From the beginning of his stay with Harold and Manya Kramer, Jud knew that he was on the move; that, for him, this was a temporary home. (It was at this time that he succeeded in establishing the use of the shortened form of his name by his family and friends.) It was not just that his uncle and aunt could never quite hide the sense of a duty being performed (as much for the dead as for the living young boy); nor did he feel a sense of impermanence because he slept on a couch in the living room, since the small house in the Hollywood Hills had no extra rooms. It was less tangible—a psychological, kinesthetic sense that made any house or neighborhood a stopping-off place, that made the future the place in which he would live.
All that first winter Jud wandered, bemused by the artificial summer’s warmth. The sun warmed and blinded him; his trouser cuffs were always wet from the constant sprays that moistened the neat lawns—a reminder that he was living in the desert of Southern California. He was like a man awakening from the sleep of a long illness, and all of California was a warm, safe sanitarium in which he convalesced.
“How do you like that?” Harold murmured as he and his wife were undressing for bed. “After what that boy’s been through he still has all this ambition, energy.”
Manya melted into her faded white nightgown. Harold sat on the edge of the bed, wearing his underwear. He knocked his pipe ashes into the bedside ash tray.
“What I mean is when he told me about getting this job at the Chateau Marmont up on Sunset—delivering papers and breakfast trays in the morning and helping out after school—Christ, he had the kind of enthusiasm you expect from a kid who’s been protected all his life.”
Manya was silent.
“I mean, can you remember when even I had that excitement about things?”
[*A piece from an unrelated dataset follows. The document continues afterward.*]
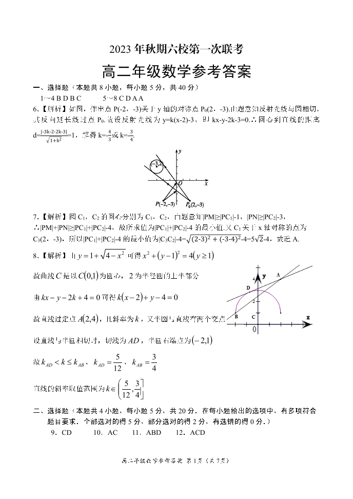 河南省南阳市六校2023-2024学年高二上学期10月联考 数学答案

“Yes,” Manya said. “The last girl. The one who kept calling you at home.”
“Oh, Christ, are you still on that?”
He was not annoyed. He seemed rather pleased as he stretched out on the bed.
“Jud’s been here a year and he still comes down every Saturday to the Exchange. I’ll swear—the way he stares at everything, the display cases, the diamond cutters, the salesmen, he’s taking it all in for some reason of his own.”